Sein Unwohlsein hatte sich verstärkt, als an einzelnen Arbeitsplätzen – erst zaghaft und dann immer stärker – Gelächter aufkeimte. Dann sammelten sich Schülergruppen sogar um einzelne Rechner. Als er sich zu ihnen gesellte, sah er auf dem Bildschirm eine Liste von Punkten, was in Lessings Werk alles unstimmig beziehungsweise fragwürdig wäre. Er beschloss, am Ende der Stunde, die Arbeitsblätter einzusammeln. Dann konnte er in aller Ruhe – soweit nötig – möglicher Kritik entgegenwirken.

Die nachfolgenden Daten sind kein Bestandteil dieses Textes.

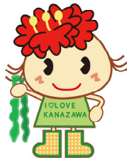
金沢区幸せお届け大使 ほたんちゃん

イベントでは、わかめの生育する様子や海洋生物が温室効果ガスを吸収することなどについて学び、“海育”を体験することができます！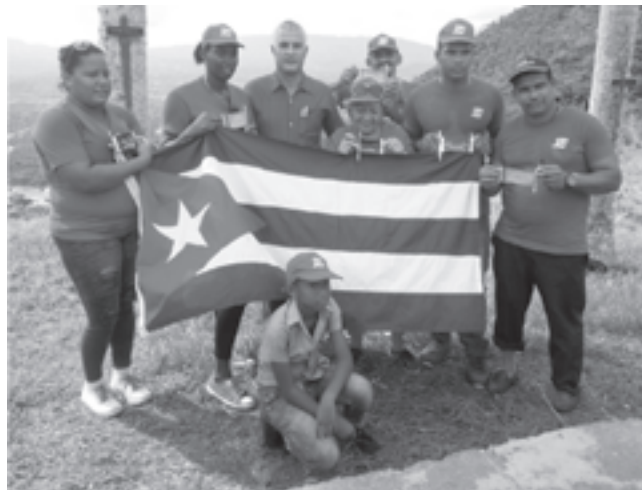
En la cima con el Primer Secretario del Partido en Segundo Frente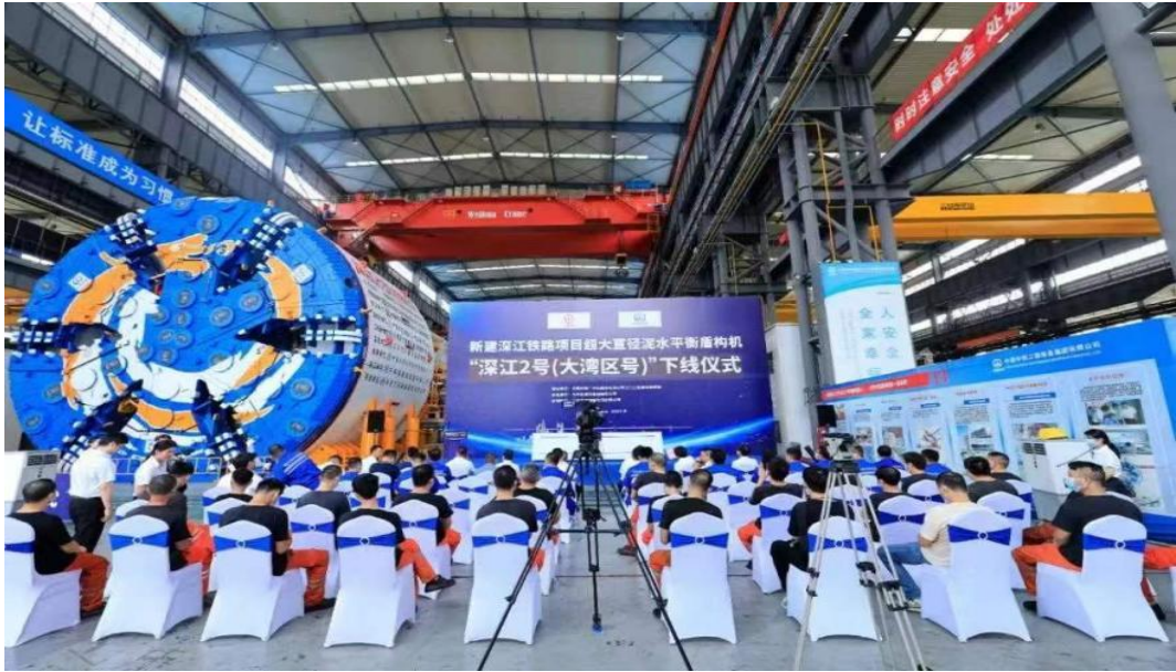
超大直径泥水盾构机“大湾区号”

4. 智能湿喷台车、全电脑三臂凿岩台车、高原型三臂凿岩台车、高原型智能锚注一体台车和高原型双臂湿喷台车等一大批极端环境隧道施工专用设备成功下线并助力青藏高原路网建设。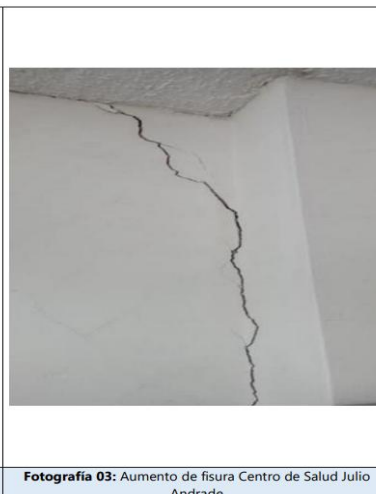
Fotografía 03: Aumento de fisura Centro de Salud Julio Andrade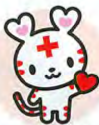
日本赤十字社公式キャラクター 「ハートラちゃん」

日本赤十字社は、災害救護活動などを行う民間の法人です。 その活動は、国や地方自治体からの補助金ではなく、

Jetzt hatte er die Zettel ausgewertet und beschlossen, sich in der Schule erst mal krank zu melden. Was er hatte lesen müssen, grenzte an kulturellen Hochverrat. Man hatte sich nicht einmal davor gescheut, aus irgendwelchen sozialen Netzwerken – so hieß das wohl – regelrecht bösartige, ja einem Fall sogar blasphemische Bemerkungen mit aufzunehmen.

Der Eindruck, dass dagegen massiv, aber auch klug vorgegangen werden müsste, verstärkte sich bei ihm. Also beschloss er, eine Variante des Parabeltricks anzuwenden, indem er seine Sicht der Dinge, nicht direkt, gewissermaßen ex cathedra vortrug, sondern einen Text aus der aktuellen Zeitung mitbrachte. Wozu kannte er Redakteur Schrotenkorn vom Klarfurter Tagblatt, dessen Vorläufer bis auf das frühe 19. Jahrhundert zurückging.

Es kostete ihn eine Flasche von seinem fantastischen Lieblingswein aus der Toskana und das Versprechen, bis 18:00 Uhr fertig zu sein, um eine aktuelle Rezension zur kulturellen Lage an unseren Schulen auf den medialen Weg zu bringen.

Vorbei waren alle Schmerzen, sein Geist nahm Fahrt auf und setzte zu einem regelrechten Höhenflug an.

Am Ende war ein kleines Meisterwerk entstanden, das sicher geeignet war, dem aktuellen Negativtrend entgegenzuwirken. Schon eine halbe Stunde vor Toresschluss war die Mail abgeschickt und auch bestätigt worden. Jetzt konnte er sich in Ruhe mit einem Ausdruck seines intellektuellen Gegenangriffs ins Bett zurückziehen und sich der Genesung hingeben.